Kommit deletes the data you tell us to delete, when you tell us to delete it. There is no soft-archive layer and we do not retain customer data "for compliance reasons" beyond what's described below.
Per-object deletion
You can delete most objects from the Kommit dashboard directly:
- —Agents: removing an agent cascades through its config revisions, runtime state, and any related evidence pack references. The agent's history in the audit log is preserved — see "Why the audit log is different" below.
- —Documents and uploaded files: removed from the application DB and from object storage.
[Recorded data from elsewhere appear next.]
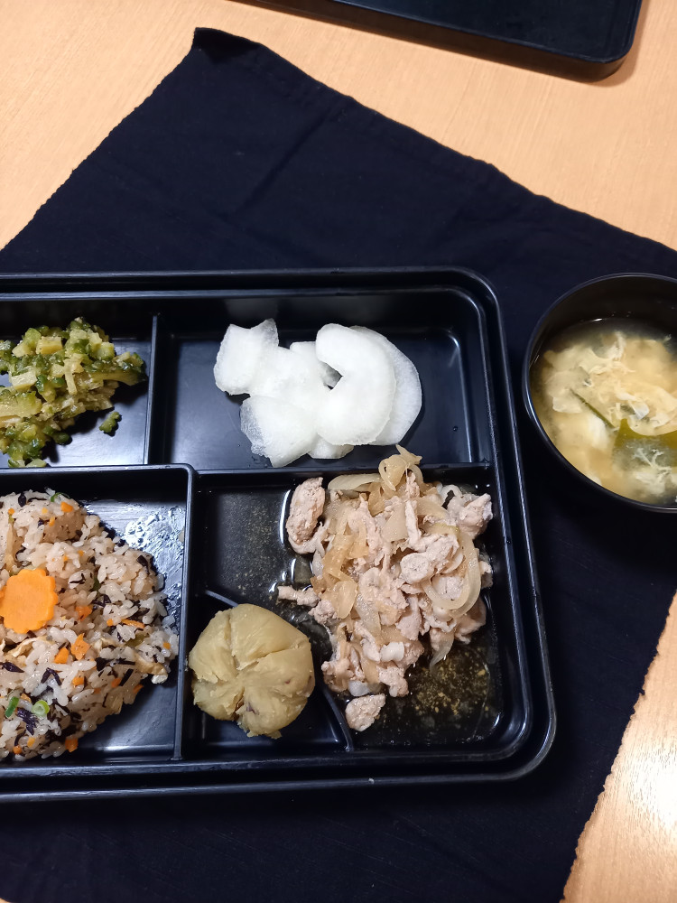 9/12 風ユニットにてひじきご飯・豚肉生姜炒め・ゴーヤの胡麻和え・季節のフルーツ・かき卵汁
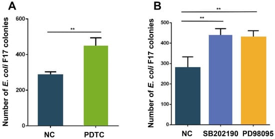 The effect of NF-κB and MAPK pathways on the adhesion of E. coli F17 to OIECs. (A) Adhesion of the F17 fimbria to OIECs treated with NF-κB inhibitor PDTC compared with negative control analyzed by bacteria enumeration. (B) Adhesion of the F17 fimbria to OIECs treated with p38 MAPK inhibitor SB202190 and ERK1/2 MAPK inhibitor PD98095 compared with negative control analyzed by bacteria enumeration. ** p < 0.01, extremely significant difference; data were shown as mean ± SD, n = 3 biological replicates.
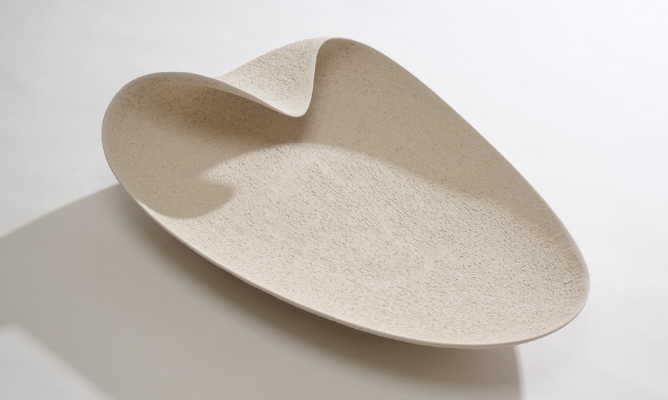 A stoneware sculpture entitled “Raw Slim Tray.”
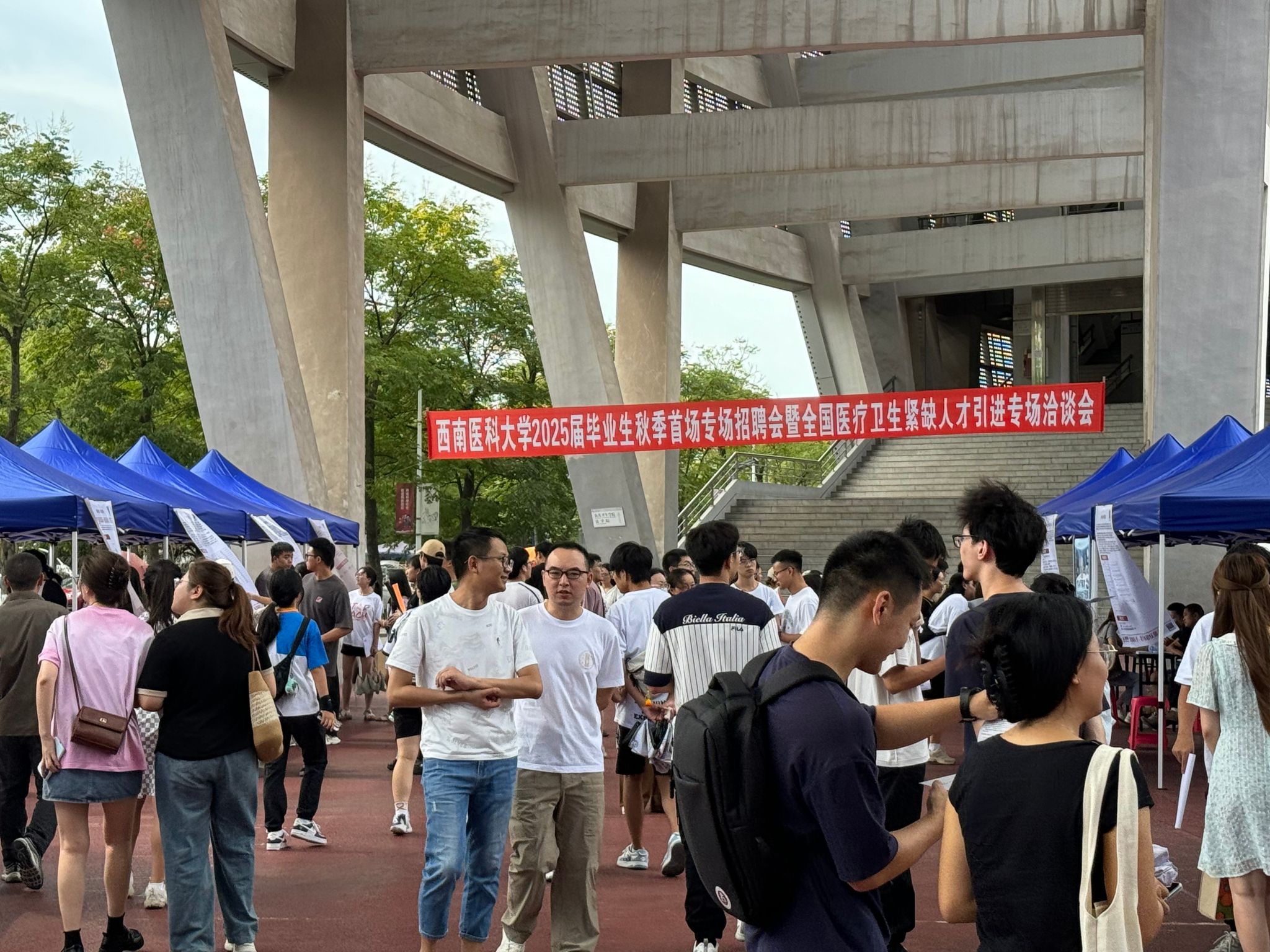 9月21日下午,学校联合医招网在城北校区奥体中心举办英国上市公司3652025届毕业生秋季首场校园专场招聘会暨全国医疗卫生紧缺人才引进专场洽谈会。本次招聘会是学校2025届就业工作启动以来,抢抓秋招机遇打响的第一枪。

Object-storage soft-delete is disabled on our buckets, so the underlying blob is overwritten on the next compaction (typically within 24 hours).
- —Members: removing a member revokes their session immediately and removes their membership row. Their authored actions remain in the audit log (immutable per below) but the member's profile is no longer linked.
Whole-organization deletion
A hard org-delete from the Settings page cascades through every
tenant-owned table — workflows, decision events, projects, support
transcripts, audit logs, and embedding stores — via
ON DELETE CASCADE foreign keys to the organizations row.
Nothing is archived under a different name; the rows are gone from
Postgres on commit.
Backups containing the deleted data are aged out according to the backup retention policy below.
Backup retention
| Backup type | Retention | Why |
|---|---|---|
| Postgres daily snapshot | 30 days | Standard operational rollback window. |
| Postgres point-in-time WAL | 7 days | Allows recovery to any second in the last week. |
| Object storage snapshot | 30 days | Aligned with the DB snapshot retention. |
A deleted org's rows persist in the most recent snapshots for the
retention window above and then age out automatically. If you have
a regulatory requirement to prove deletion within a tighter
window than 30 days, we can issue an attestation letter — contact
security@getkommit.ai.
Why the audit log is different
The hash-chained audit log is the one surface where customer data is not deletable on request. Editing or removing past audit-log entries would defeat the entire point of a tamper-evident trail — auditors couldn't trust it.
If you delete the organization, the audit log goes with the cascade. But individual entries are not editable or removable from the dashboard or the API.
See [#hash-chained-audit-log] for the integrity model and [#exporting-audit-logs] for how to pull a copy out before deletion.
GDPR / data-subject requests
If a data subject under GDPR (or a similar regime) asks you to
delete data Kommit holds about them, you can perform the deletion
yourself for any object except the audit log. For the audit log,
contact security@getkommit.ai and we will work through the
regulator-acceptable approaches with you. See
[#gdpr-support] for the broader posture.